(Exercise data Opens)

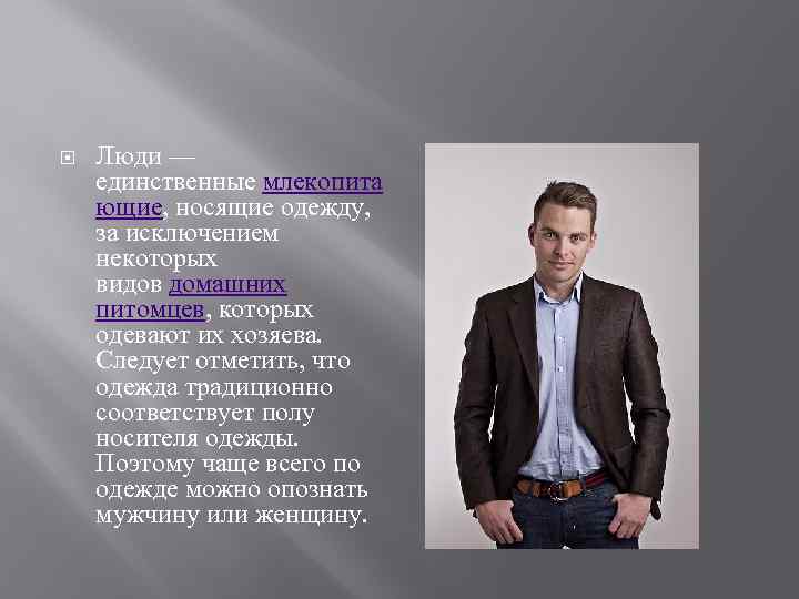 Люди — единственные млекопита ющие, носящие одежду, за исключением некоторых видов домашних питомцев, которых одевают их хозяева. Следует отметить, что одежда традиционно соответствует полу носителя одежды. Поэтому чаще всего по одежде можно опознать мужчину или женщину.
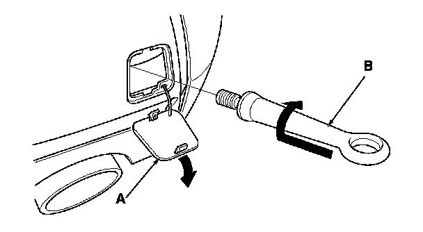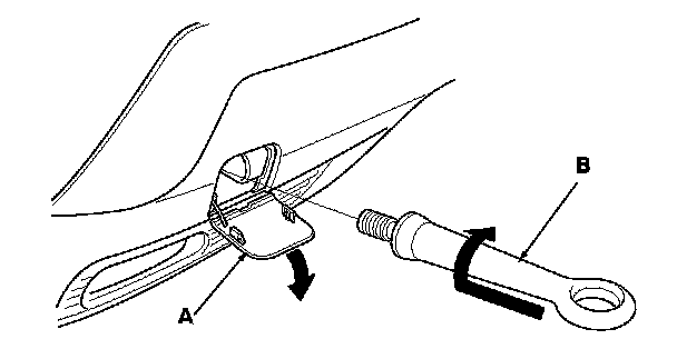 3. Screw in the towing hook (B), and tighten it securely by hand.
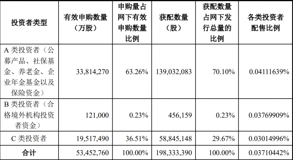 根据公司披露的网下配售结果,311家网下投资者共申购了5345.28万股,其中,公募、社保、养老金、企业年金基金以及保险资金构成的A类投资者占比最高。
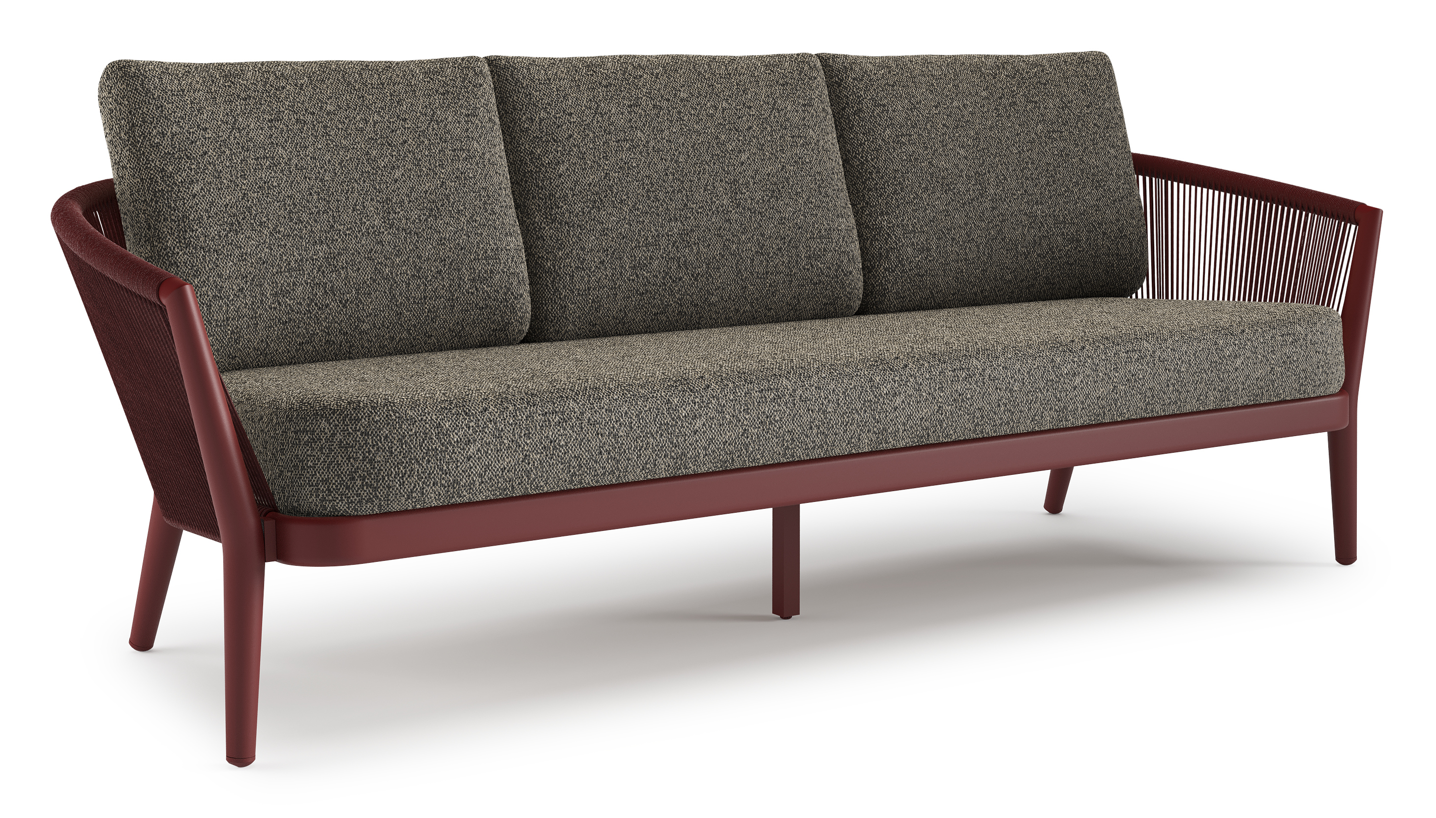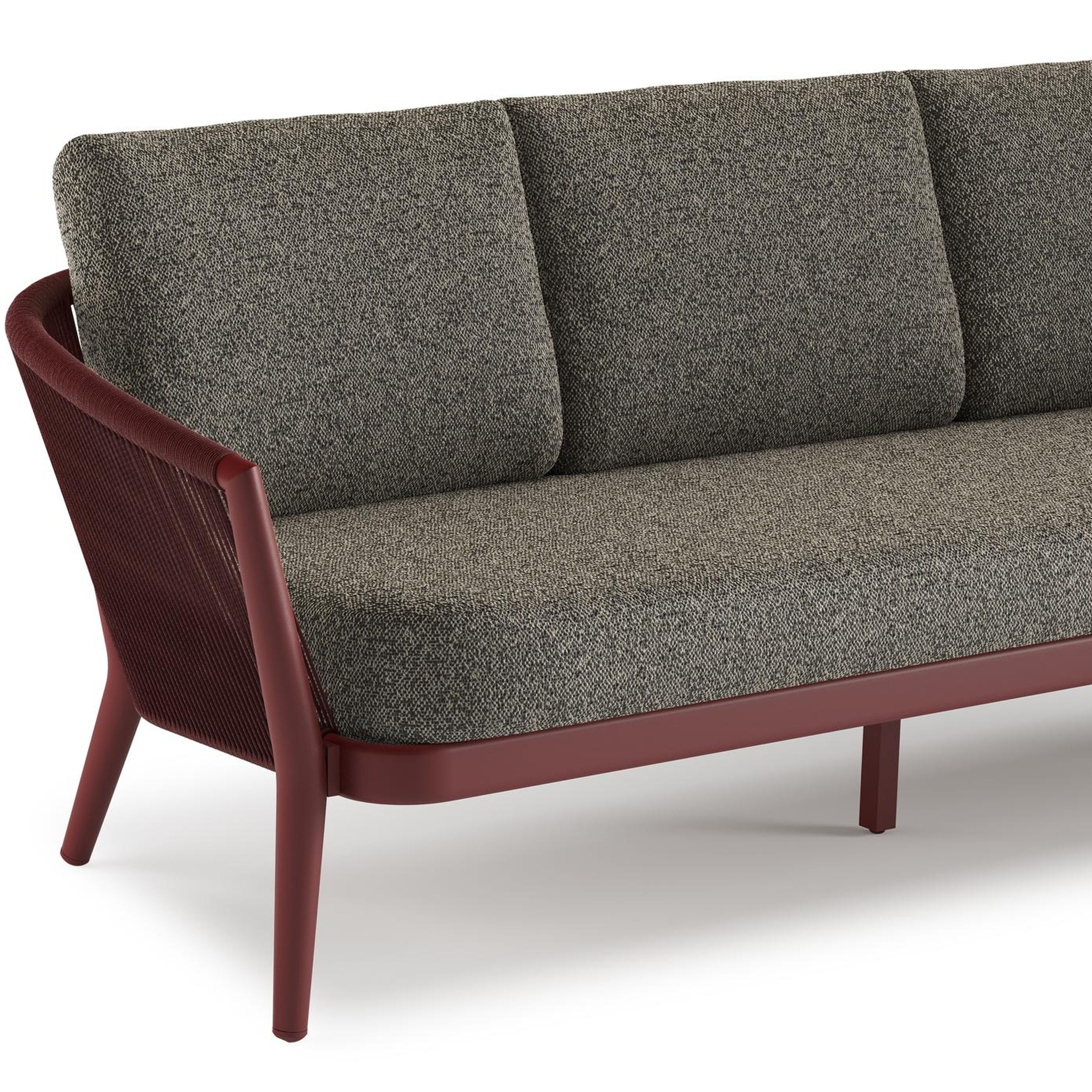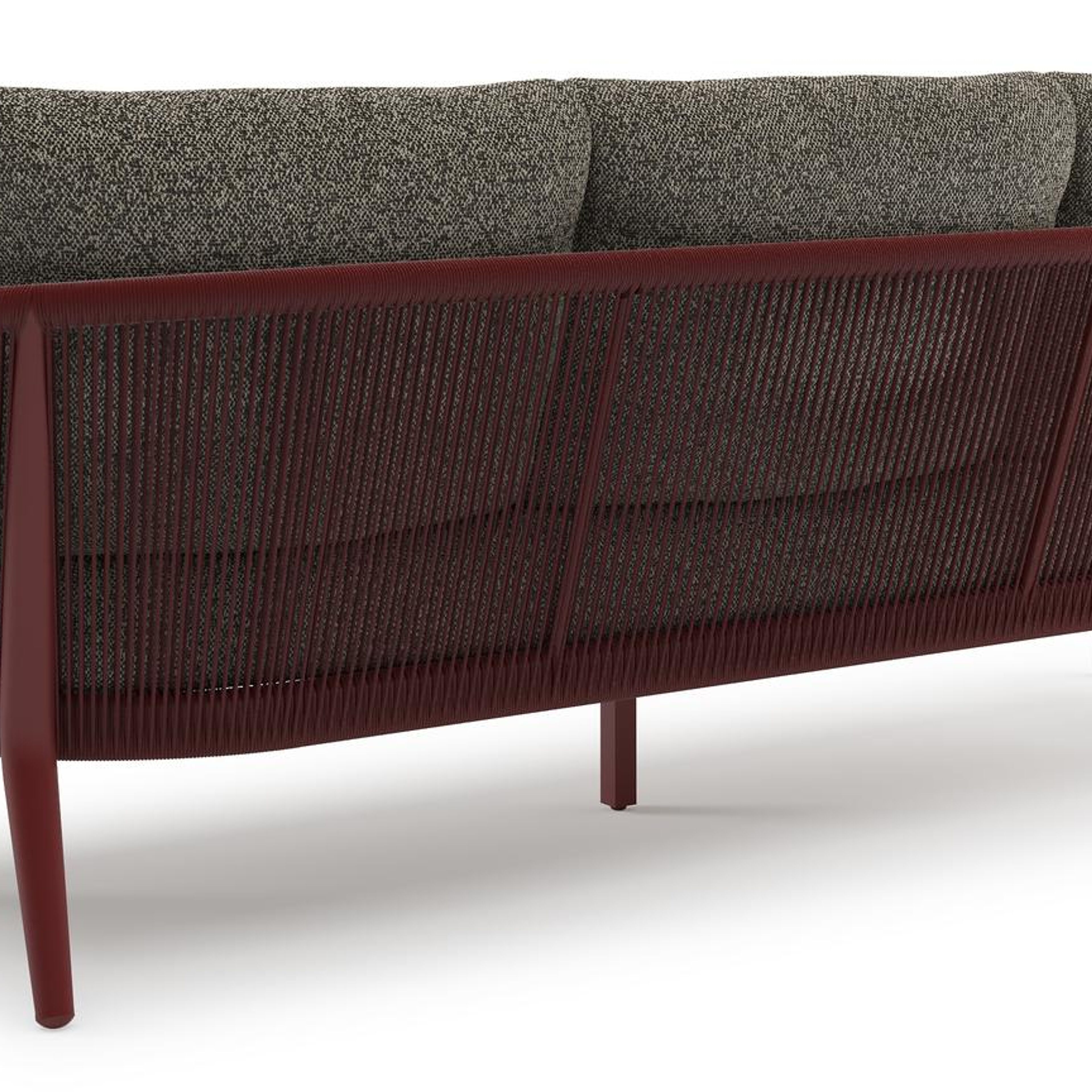 Canapé de jardin Orso en aluminium ruby en corde ronde tissée verticalement ruby et coussins en all weather cosytica Marbella Tunder | Exterioo mobilier de jardin
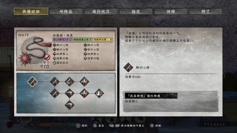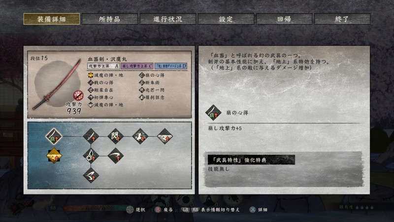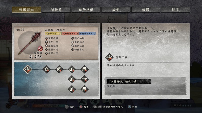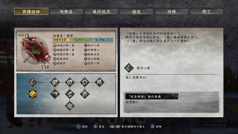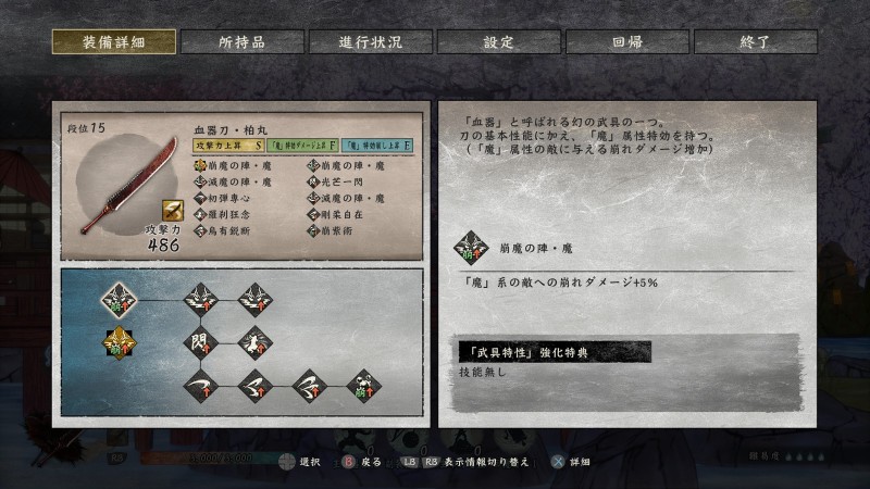 月風魔伝では、主武器それぞれに幻の武具枠として「血器」シリーズが存在します。どれも名前に違わず真っ赤で、基礎攻撃力が高く、属性特効などの特殊効果も備えています。
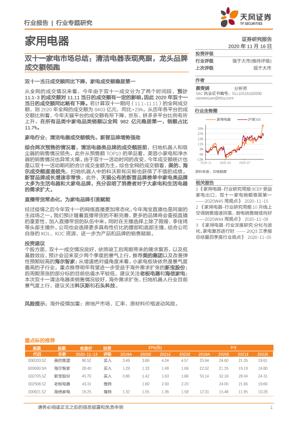 【天风证券】【20201116】家用电器双十一家电市场总结:清洁电器表现亮眼,龙头品牌成交额领跑-8页

(Exercise data Closes)

What is needed:
Exact copy, no pictures: reproduce every record as it stands.

Response area:
 Люди — единственные млекопита ющие, носящие одежду, за исключением некоторых видов домашних питомцев, которых одевают их хозяева. Следует отметить, что одежда традиционно соответствует полу носителя одежды. Поэтому чаще всего по одежде можно опознать мужчину или женщину.
 3. Screw in the towing hook (B), and tighten it securely by hand.
 根据公司披露的网下配售结果,311家网下投资者共申购了5345.28万股,其中,公募、社保、养老金、企业年金基金以及保险资金构成的A类投资者占比最高。
 Canapé de jardin Orso en aluminium ruby en corde ronde tissée verticalement ruby et coussins en all weather cosytica Marbella Tunder | Exterioo mobilier de jardin
 月風魔伝では、主武器それぞれに幻の武具枠として「血器」シリーズが存在します。どれも名前に違わず真っ赤で、基礎攻撃力が高く、属性特効などの特殊効果も備えています。
 【天风证券】【20201116】家用电器双十一家电市场总结:清洁电器表现亮眼,龙头品牌成交额领跑-8页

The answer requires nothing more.